So I find myself in the doctor’s office, I am waiting for her familiar, humming “Pum pum pum.” as she segues from her previous patient to me. I hear the creak of her chair as it turns, I visualize her swinging around and standing to stroll a few steps to enter through the door to the small sterile clinical room for my regular visit. She is my new doctor and I have only seen her a few times. She is well dressed, confident, professional, with a stethoscope draped around her neck. She looks at me, directly into my eyes and asks, "How are you doing?”
I can only react with a shoulder shrug and tears spring into my eyes. She reaches forward and touches my leg with one hand and reaches with the other for a tissue and passes it to me.
Through quiet sobs I respond, "I don't know.”
She waits for me to say more. Seconds pass. She waits, to listen, to me.
I am silent.
She continues, "I can only imagine. You have had a lot to deal with. I think you are not ready, no where near ready to go back to work. You need some time and it might be a longer time than you think.”

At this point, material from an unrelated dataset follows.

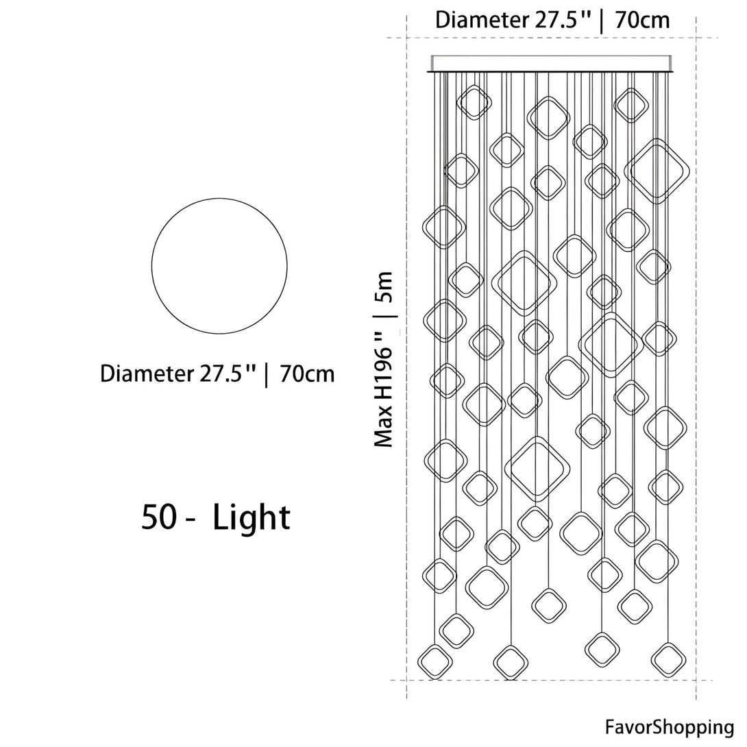 - 50 Lights: 27.5" / 70cm D x 196" / 500cm H

She does not look away or busy herself with her computer; she holds her gaze on me. I look down and tears spill down into my lap.I say, "I don't know what to do.”
Softly she replies, "I do.”
So how did I know I was cared for? Physicians get paid for approximately a 10 minute visit. Time is always short in health care. Patience is often short in health care. So in my weakest emotional state, my doctor ( the other ) took the time to wait for me to respond, was comfortable in the silence and my nonverbal response. She took the time to care enough to touch me and provide a small gesture of understanding with a tissue. She listened with her other senses, and heard my silent loss. She did not avert her gaze but held the moment and looked into the desperate eyes of a mother's grief. She "heard" through my inability, and ascertained what needs I had and was willing to support me through the darkest of despair. I knew she would help me. I knew she cared.
Purely by another person taking notice, of my being recognized, and having my feelings and inability acknowledged gave me hope for help and possibility. Potential movement forward; one tiny step towards something beyond complete stasis and being locked, frozen in a dysfunctional existence, now with a promising beginning of at least a partial recovery and maybe some healing of the deepest wound one can sustain.